*What is required*. Transcribe the lines below verbatim, skipping the images.
(Data for processing begins)
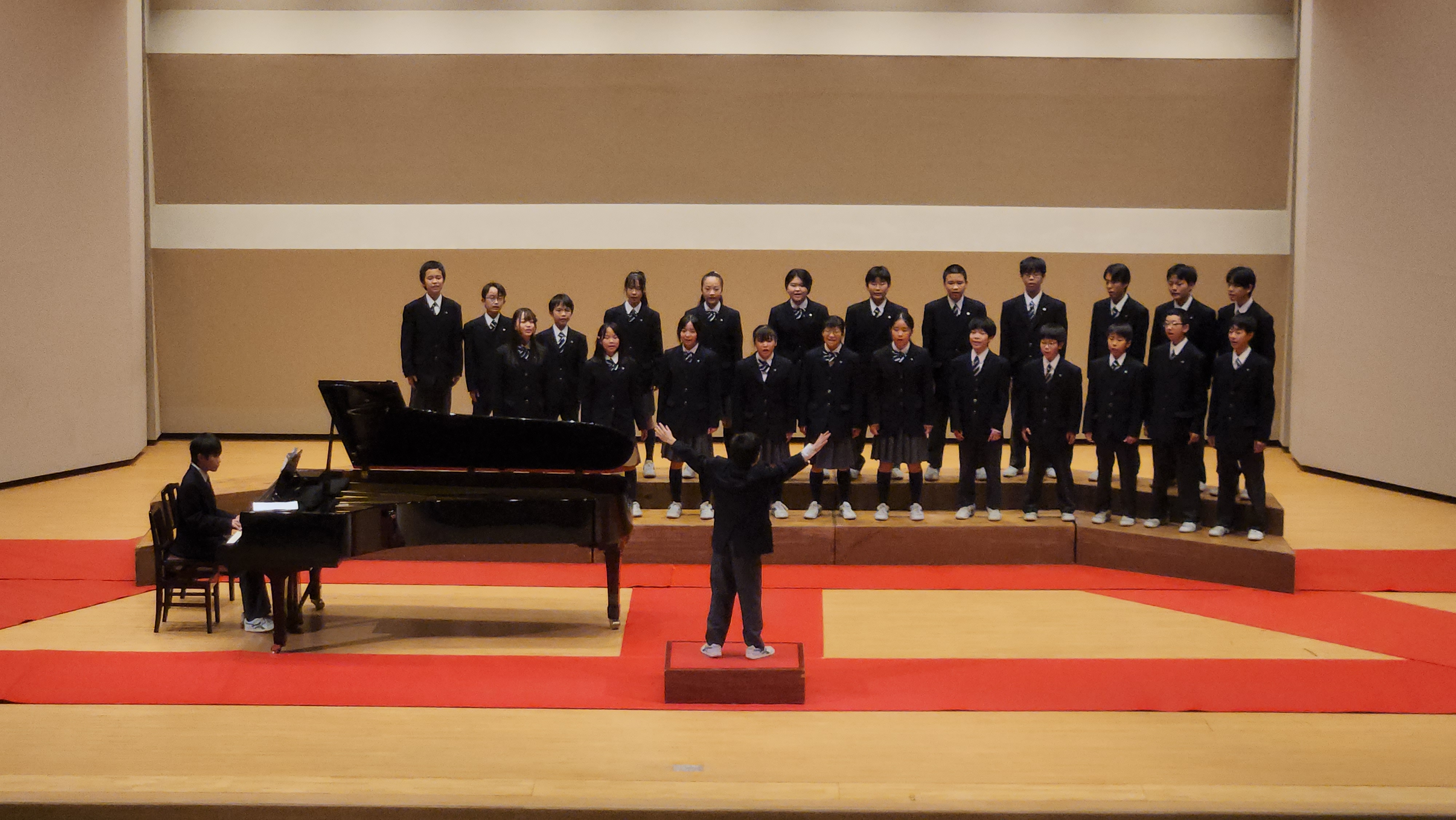 1学年部・2学年部は太祖降誕会奉讃合唱祭を開催しました。当日は多数の保護者の方にご来場いただきまして、誠にありがとうございました。生徒たちは音楽の授業や放課後の時間を使い、本番に向けてたくさんの練習を重ねてきました。本番当日、いつもと様相の違う講堂ステージでの発表は、生徒たちにとって緊張の場となったと思いますが、どのクラスも練習の成果を存分に発揮できました。合唱を通して心を1つにし、それが会場全体に伝わる、とても感動的な時間になりました。
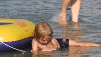 Spielt Ihr auch Ball im Wasser ? Wenn das so flach ist, kann auch Nick mitspielen. Was macht Schwimmen mit Papa?
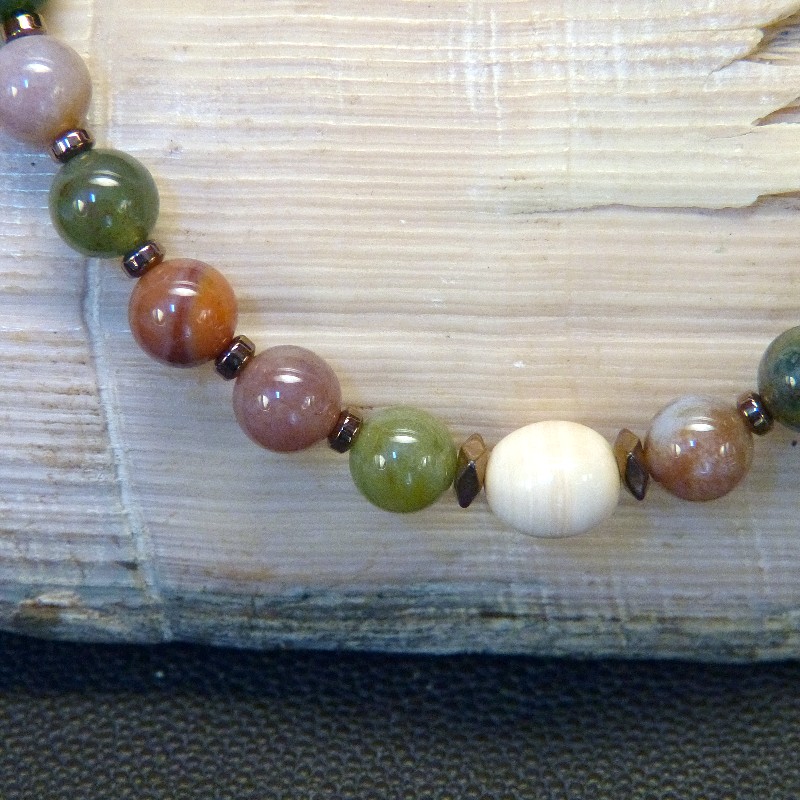 Collier aus ca. 8mm großen verschiedenfarbigen Achatkugeln, kombiniert mit Zwischenelementen aus bronzefarbenem Hämatit und einer von Hand geschliffenen Kugel aus cremefarbenem Mammut-Elfenbein.
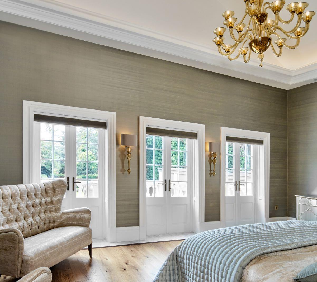 The Master Bedroom Suite is located centrally in the house so that it can benefit from the balcony over the Formal Dining Room portico and the view down the Formal Landscaped Gardens. Accessed via double doors from the first-floor landing, rather than entering into a vast space one enters a bijou lobby where a large painting is displayed. Behind the wall an oak staircase, shown in the below photograph, provides private access up to the roof garden that houses a large hot tub. The master bedroom itself is vaulted with a perimeter feature cornice bulkhead, with warm LED up lighting. Adding drama to the space, an elegant Murano chandelier is located centrally in the vaulted space and is complemented by matching wall lights. It was decided to continue the colour palette of gold and sage green into the master bedroom from the landing, with subtle highlights via textile tones and natures.
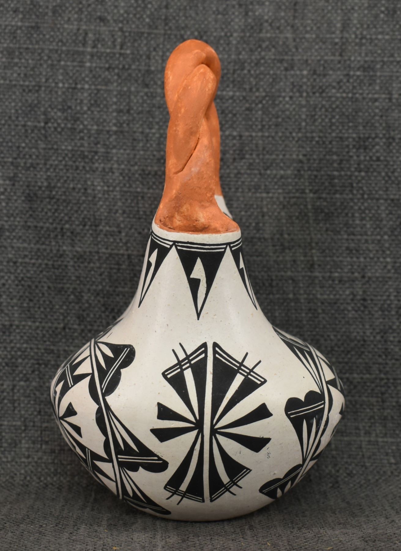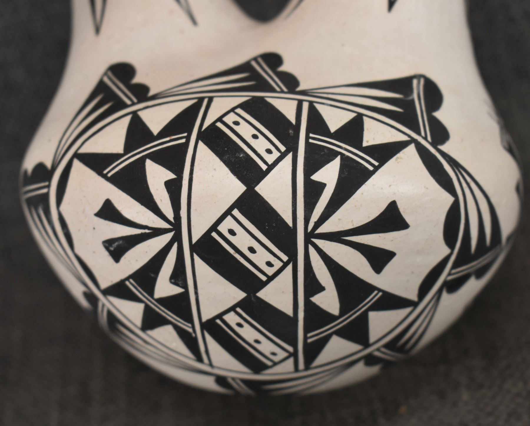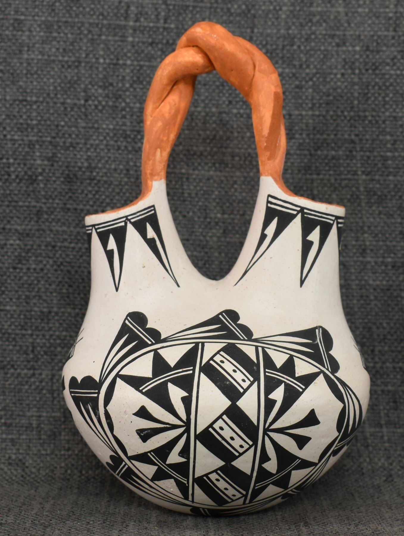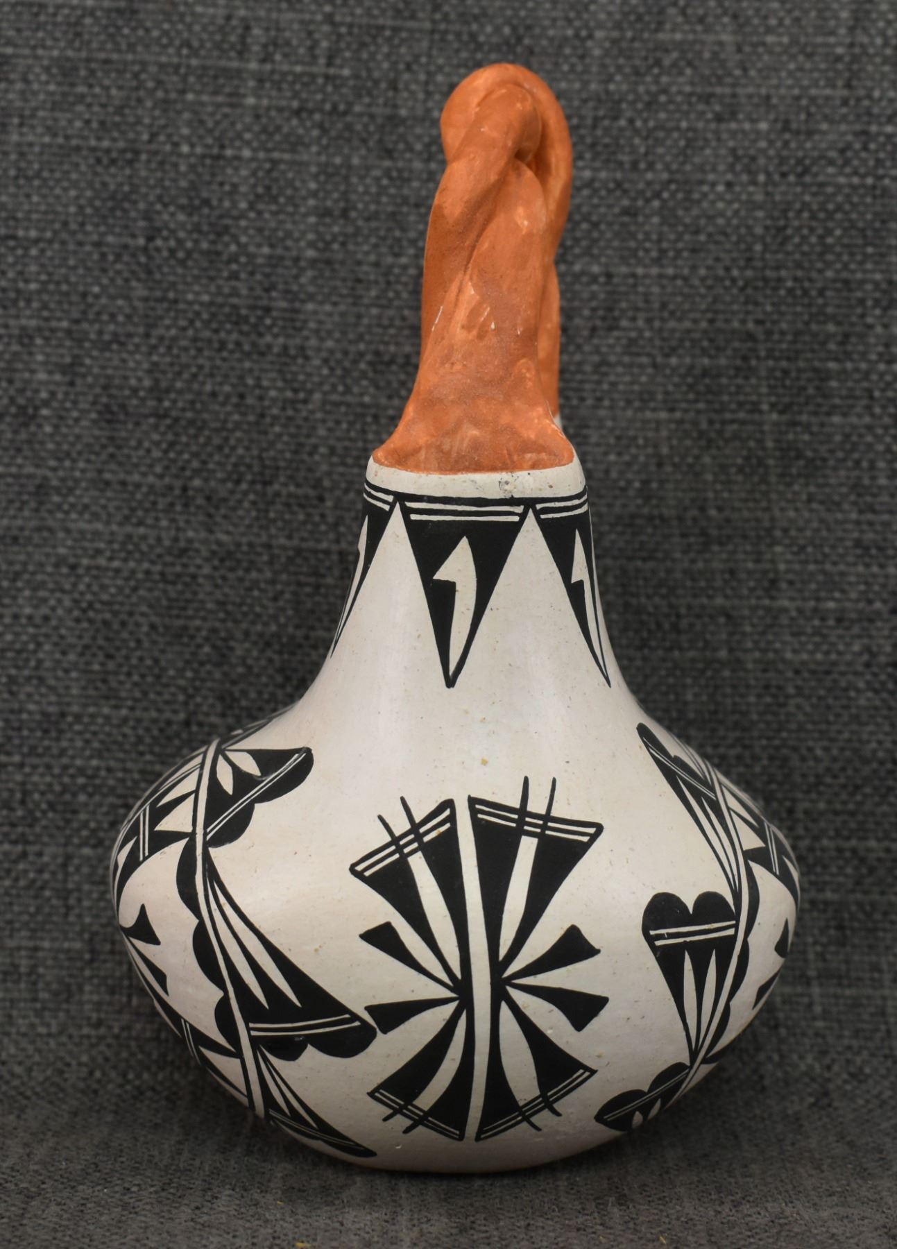 1970's Acoma . Hand coiled and painted busy design pottery wedding vase, signed June Pino. 8'' x 4.5''
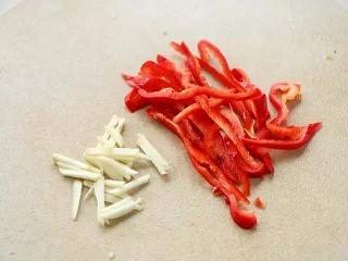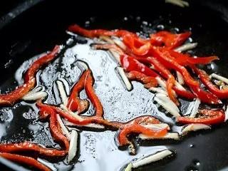 另起一锅,倒入食用油,加热,放入红椒和大蒜,炒香。
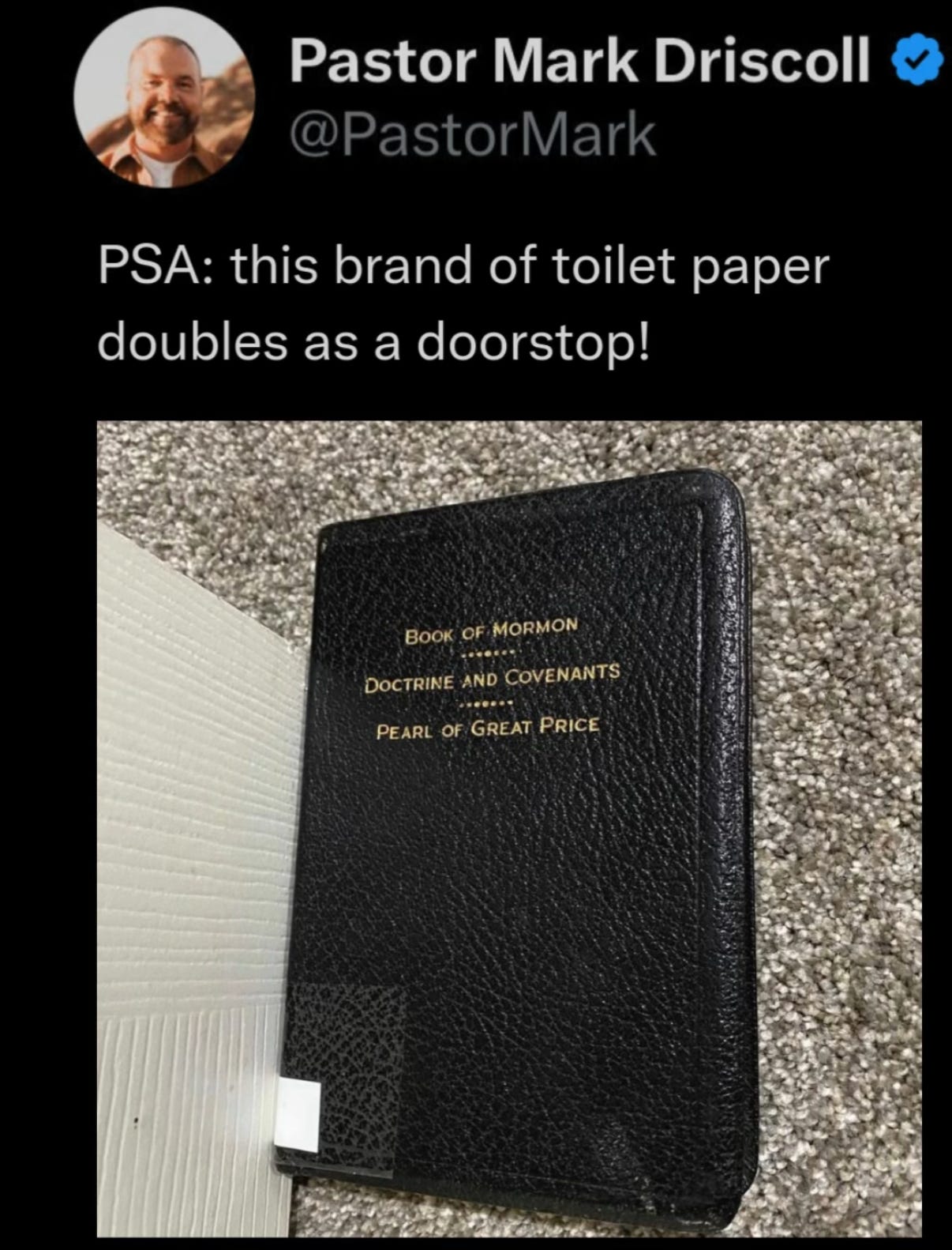 Anyway, fast-forward to September 2024, when he tweeted a photo of the Book of Mormon with the caption, “PSA: this brand of toilet paper doubles as a doorstop.” He later deleted it, but the same clip lingered on his YouTube channel for some reason.
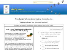 In this reading comprehension worksheet, 6th graders read a selection titled, "From Carrots to Renovations: How I Spent $10,000 Without Really Trying," then answer 5 fill-in-the-blank questions.
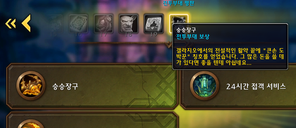 큰손 도박꾼 - 언더마인 해방전선 평판 세력인 갤라지오 충성 보상 사교회 영예 20 보상.
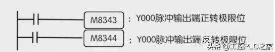 Y0M8343M8344当极限标志位为ON,电机减速停机。
(Data for processing ends)
*Solution to this exercise*.
 1学年部・2学年部は太祖降誕会奉讃合唱祭を開催しました。当日は多数の保護者の方にご来場いただきまして、誠にありがとうございました。生徒たちは音楽の授業や放課後の時間を使い、本番に向けてたくさんの練習を重ねてきました。本番当日、いつもと様相の違う講堂ステージでの発表は、生徒たちにとって緊張の場となったと思いますが、どのクラスも練習の成果を存分に発揮できました。合唱を通して心を1つにし、それが会場全体に伝わる、とても感動的な時間になりました。
 Spielt Ihr auch Ball im Wasser ? Wenn das so flach ist, kann auch Nick mitspielen. Was macht Schwimmen mit Papa?
 Collier aus ca. 8mm großen verschiedenfarbigen Achatkugeln, kombiniert mit Zwischenelementen aus bronzefarbenem Hämatit und einer von Hand geschliffenen Kugel aus cremefarbenem Mammut-Elfenbein.
 The Master Bedroom Suite is located centrally in the house so that it can benefit from the balcony over the Formal Dining Room portico and the view down the Formal Landscaped Gardens. Accessed via double doors from the first-floor landing, rather than entering into a vast space one enters a bijou lobby where a large painting is displayed. Behind the wall an oak staircase, shown in the below photograph, provides private access up to the roof garden that houses a large hot tub. The master bedroom itself is vaulted with a perimeter feature cornice bulkhead, with warm LED up lighting. Adding drama to the space, an elegant Murano chandelier is located centrally in the vaulted space and is complemented by matching wall lights. It was decided to continue the colour palette of gold and sage green into the master bedroom from the landing, with subtle highlights via textile tones and natures.
 1970's Acoma . Hand coiled and painted busy design pottery wedding vase, signed June Pino. 8'' x 4.5''
 另起一锅,倒入食用油,加热,放入红椒和大蒜,炒香。
 Anyway, fast-forward to September 2024, when he tweeted a photo of the Book of Mormon with the caption, “PSA: this brand of toilet paper doubles as a doorstop.” He later deleted it, but the same clip lingered on his YouTube channel for some reason.
 In this reading comprehension worksheet, 6th graders read a selection titled, "From Carrots to Renovations: How I Spent $10,000 Without Really Trying," then answer 5 fill-in-the-blank questions.
 큰손 도박꾼 - 언더마인 해방전선 평판 세력인 갤라지오 충성 보상 사교회 영예 20 보상.
 Y0M8343M8344当极限标志位为ON,电机减速停机。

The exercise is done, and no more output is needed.